Nepal, il dramma silenzioso di oltre 1200 “desaparecidos”
di Kalpit Parajuli
Il 30 agosto scorso, in occasione della Giornata mondiale degli scomparsi, familiari e parenti hanno organizzato manifestazioni e cortei di protesta per le strade della capitale. Da tempo si aspetta la creazione di una commissione che indaghi sulla loro sorte, osteggiata dal governo e soprattutto dai maoisti.

Kathmandu (AsiaNews) – Oggi i maoisti sono al potere in Nepal, l’ex leader della guerriglia Prachanda è stato eletto Primo Ministro e il Paese ha modificato l’assetto costituzionale abbandonando la monarchia e abbracciando la repubblica. Ciò che non è cambiato è la sorte di oltre 1200 persone, ancora oggi ufficialmente “scomparse” e di cui i familiari non hanno più notizia da anni.

In occasione della Giornata mondiale degli scomparsi, in programma il 30 agosto scorso, la Commissione per i diritti umani nepalese ha rivolto un nuovo appello al governo e ai maoisti – che finora hanno fatto “orecchie da mercante” – perché diano notizie certe in merito alla sorte delle persone scomparse e creino una commissione che faccia chiarezza sui responsabili. La creazione di tale commissione, oltretutto, rientrava nel piano sottoscritto due anni fa dal governo e dai maoisti al momento della firma degli accordi di pace, che ponevano fine a una sanguinosa guerra divampata nel 1996.

Secondo la commissione per i diritti umani, lo Stato sarebbe colpevole della “sparizione di 671 persone”, mentre i maoisti non hanno ancora fatto luce sulla sorte di 299 persone sequestrate durante gli anni della guerriglia.

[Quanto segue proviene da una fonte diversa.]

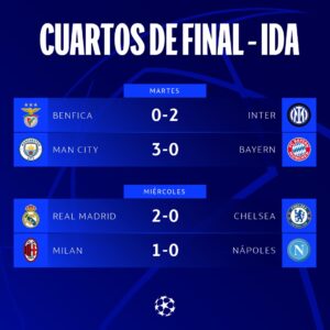Resultados Cuartos de Final ida Champions League, 11 y 12 de abril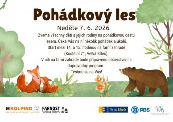 POHÁDKOVÝ LES detail akce 7. 6. 2026 14:00 Start mezi 14.00 a 15.00 hodinou na farní zahradě. detail akce

Al contempo i funzionari della Croce rossa internazionale hanno diffuso i nomi di oltre 1200 persone, dei quali i familiari hanno denunciato la scomparsa nel decennio 1996/2006.

Fra le manifestazioni indette per la Giornata mondiale degli scomparsi, una ha riunito migliaia di parenti all’esterno degli uffici della Commissione nazionale per i diritti umani nepalese. AsiaNews ha raccolto le storie di due persone, che ancora oggi non hanno notizie dei loro cari. “Tre anni fa i maoisti fa hanno rapito mia figlia, appena quindicenne – racconta Sindhu Rokaya, 65 anni – e da allora non ho più avuto sue notizie. Non so neanche se sia viva o morta”. Gli fa eco Hemraj Dangi, anch’egli provenienti dall’ovest del Paese, il quale denuncia il sequestro del figlio “mentre tornava da scuola. Se avesse avuto un’arma fra le mani avrei potuto capire la sua cattura, ma era un semplice studente che faceva ritorno a casa dopo una giornata trascorsa tra i libri”.